Yevgeny Prigozhin, the leader of the Wagner mercenary group and a prominent figure in society despite having led a failed mutiny against the Russian army’s leadership last month, has praised the military takeover of Niger and said that his soldiers can restore order to the West African country.
Wagner-related Telegram app channels received an audio message from Prigozhin, who did not directly claim to have been involved in the coup but described it as a long-overdue moment of independence from Western colonizers.
“What happened in Niger is nothing other than the struggle of the people of Niger with their colonizers. With colonizers who are trying to foist their rules of life on them and their conditions and keep them in the state that Africa was in hundreds of years ago,” said the message, posted on Friday, Julyb28.

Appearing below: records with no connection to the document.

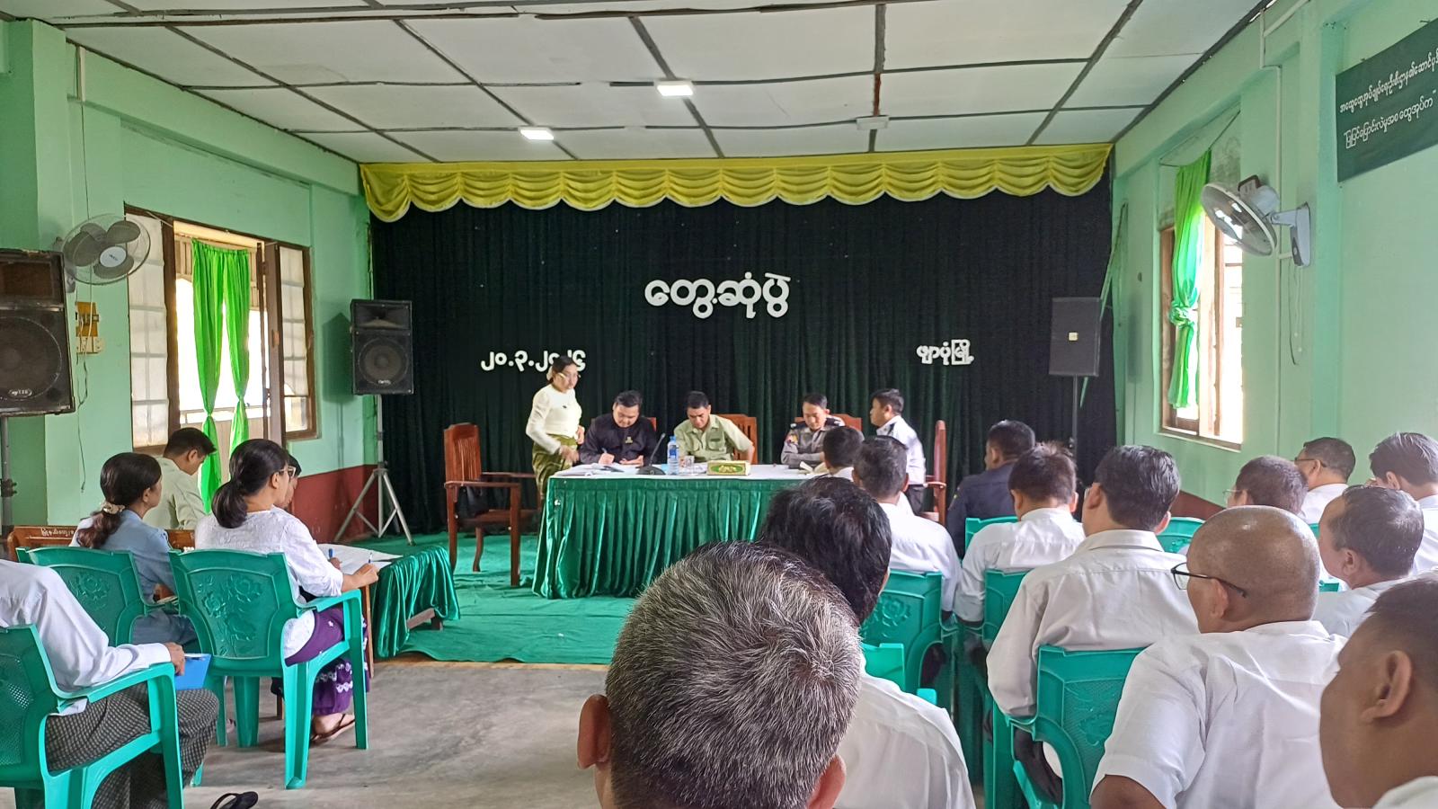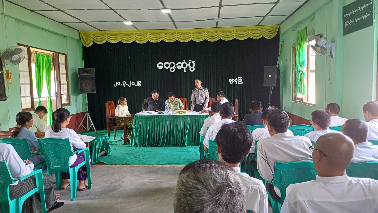 ဆက်လက်၍ မြို့နယ်စီမံခန့်ခွဲရေးနှင့်အုပ်ချုပ်ရေးကော်မတီအဖွဲ့ဝင် မြို့နယ်ရဲတပ်ဖွဲ့မှူးက လုံခြုံရေးအစီအမံများ ဆောင်ရွက်ထားရှိမည့်အခြေအနေတို့အား ရှင်းလင်းဆွေးနွေးခဲ့ပြီး တက်ရောက်လာသည့် မြို့နယ်အဆင့်ဌာနများက သက်ဆိုင်ရာကော်မတီများအလိုက် မြန်မာ့ရိုးရာ မဟာသင်္ကြန်ပွဲတော် စည်ကားသိုက်မြိုက်စွာ ကျင်းပနိုင်ရေးအတွက် ကြိုတင်ပြင်ဆင်ဆောင်ရွက်သွားမည့် လုပ်ငန်းများအလိုက် တင်ပြဆွေးနွေးခဲ့ရာ မြို့နယ်စီမံခန့်ခွဲရေးနှင့်အုပ်ချုပ်ရေးကော်မတီဥက္ကဋ္ဌ ဦးမောင်မောင်ဝင်းက လိုအပ်သည်များကို ဖြည့်စွက်ညှိနှိုင်းပေးခဲ့ကြောင်း သိရသည်။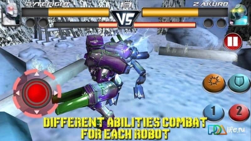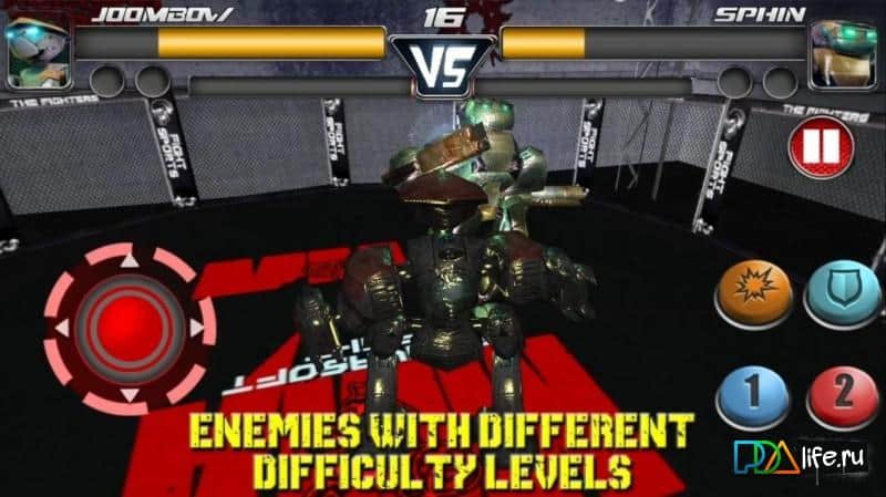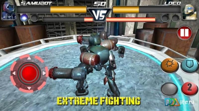 Steel Street Fighter Club Pro - фантастический робофайтинг с трехмерной графикой для Андроид устройств. Действие игры разворачивается в далеком будущем когда все виды контактного спорта среди людей запрещены и на арену выходят боевые роботы, управляемые реальными игроками. Выбрав одного из 16 представителей механизированных войнов отправляйтесь на арену. Игровой процесс выполнен в лучших традициях жанра, участвуя в соревнованиях зарабатывайте очки опыта и денежные средства, на которые у вас будет возможность тренировать бойцов или покупать новых.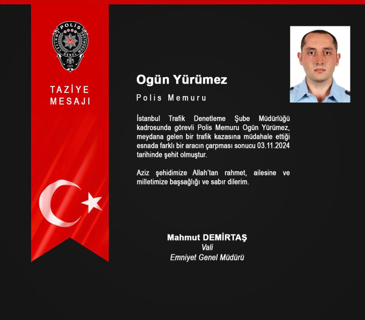 Alınan bilgiye göre İstanbul Trafik Denetleme Şube Müdürlüğü’nde görevli Polis Memuru Ogün Yürümez, Bakırköy’de meydana gelen trafik kazasına müdahale esnasında İETT otobüsünün çarpması sonucu olay yerinde şehit oldu.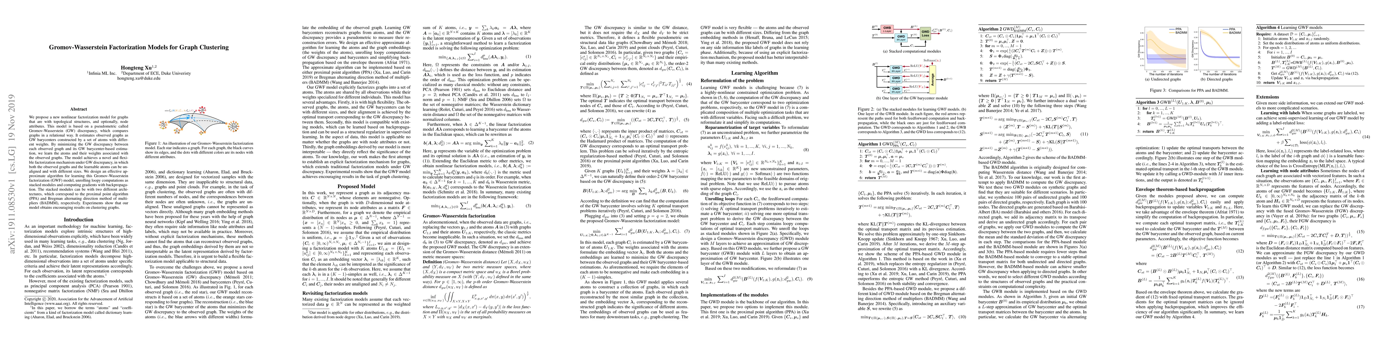 This paper proposes a novel nonlinear factorization model for graph clustering based on the Gromov-Wasserstein discrepancy, which allows for flexible comparison and estimation of graphs. The model learns atoms and their weights through an effective approximate algorithm, achieving promising results in clustering tasks.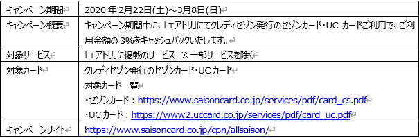 One Asiaのビジョンをかかげ、アジアを舞台に、エアトリ旅行事業、訪日旅行事業、ITオフショア開発事業、ライフイノベーション事業と投資事業を手掛ける株式会社エアトリ(本社:東京都港区、代表取締役社長 兼 CFO:柴田 裕亮、証券コード:6191、以下当社) は、株式会社クレディセゾン(本社:東京都豊島区、代表取締役社⻑COO:⼭下 昌宏、以下:クレディセゾン)と連携し、当社が運営する総合旅行プラットフォーム「エアトリ」(https://www.airtrip.jp/)にて、クレディセゾンが発行するすべてのセゾンカード・UCカードをご利用のお客様を対象に、ご利⽤⾦額の3%をキャッシュバックするキャンペーンを実施いたします

“Today this is effectively gaining their independence. The rest will without doubt depend on the citizens of Niger and how effective governance will be, but the main thing is this: they have got rid of the colonizers,” the message said.

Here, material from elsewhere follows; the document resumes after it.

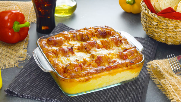- For the tomato pepper sauce, heat the olive oil in a pan over medium heat and sweat the red onion and garlic. Add the corn and bell peppers to the pan and briefly sautée. Stir in the crushed tomatoes, season with salt and pepper, and let the sauce simmer for about 5 minutes. Pour the finished tomato pepper sauce in between the stuffed chicken nuggets on top of the mashed potatoes and sprinkle shredded mozzarella cheese on top. Transfer the casserole dish to a preheated oven and cook at 325°F for 25 minutes.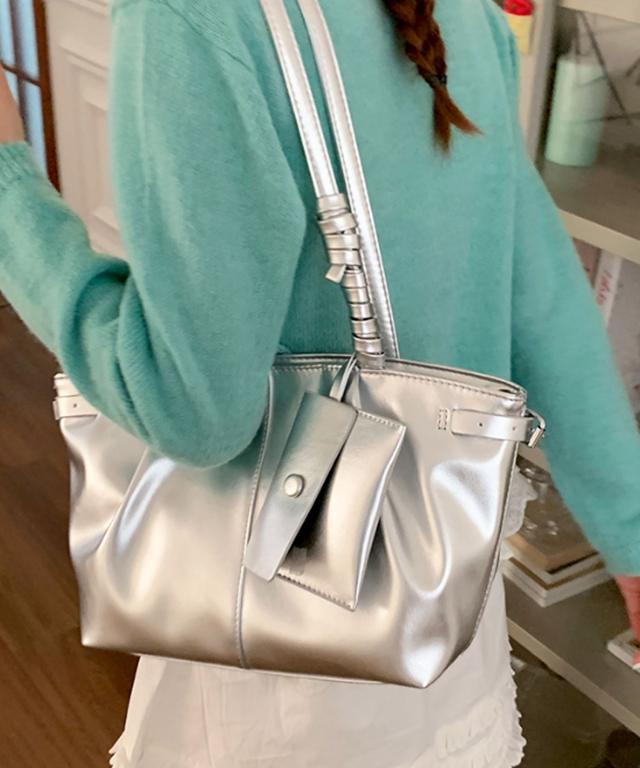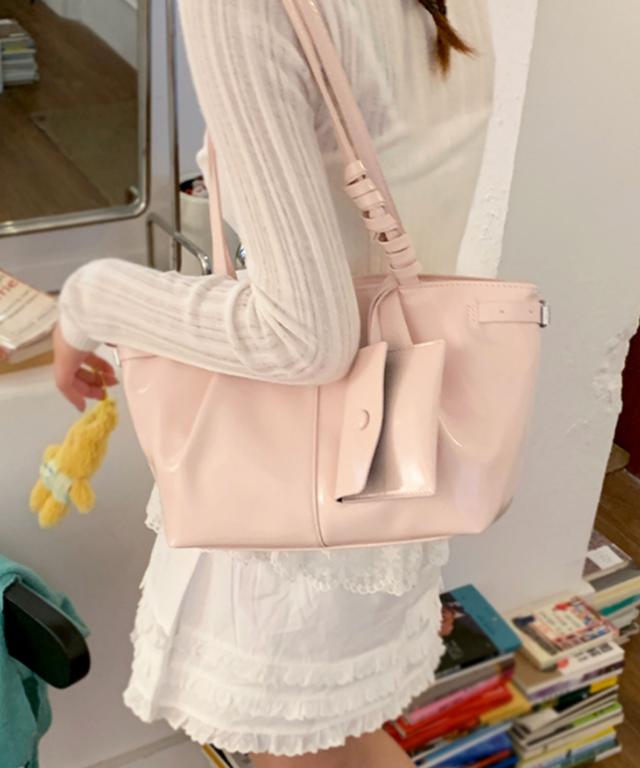 【ポーチチャーム付/おしゃれなサイドベルトデザイントートバッグ/ハンドバッグ】

Prigozhin, in his voice message, boasted of Wagner’s alleged efficiency in helping African nations stabilize and develop in what sounded like a sales pitch.
“Thousands of Wagner fighters are capable of bringing order and of destroying terrorists and of not allowing them to harm the local populations of these states,” he said.
After troops staged a military coup on Wednesday evening and detained President Mohamed Bazoum in the presidential palace, it is still not apparent who is in command of Niger as of the time of publication.
Then, on Friday, two days after his guards had detained and ousted democratically elected President Mohamed Bazoum, Abdourahmane Tchiani, commander of the Niger presidential guard, proclaimed himself leader of a transitional administration in Niger.
In 1960, the nation formally proclaimed its independence from the French colonial power.
The voicemail was the most recent indication that Prigozhin and his men are still operating in Africa, where they are eager to grow and still have security contracts in some nations like the Central African Republic (CAR).
In spite of a contract with Putin that would have him transfer to Belarus, where some of his men have already begun training the army, Prigozhin, 62, appears to still retain freedom of movement.
In a video that was made public earlier this month, he was heard in Belarus instructing his soldiers to gather their strength for a “new journey to Africa.”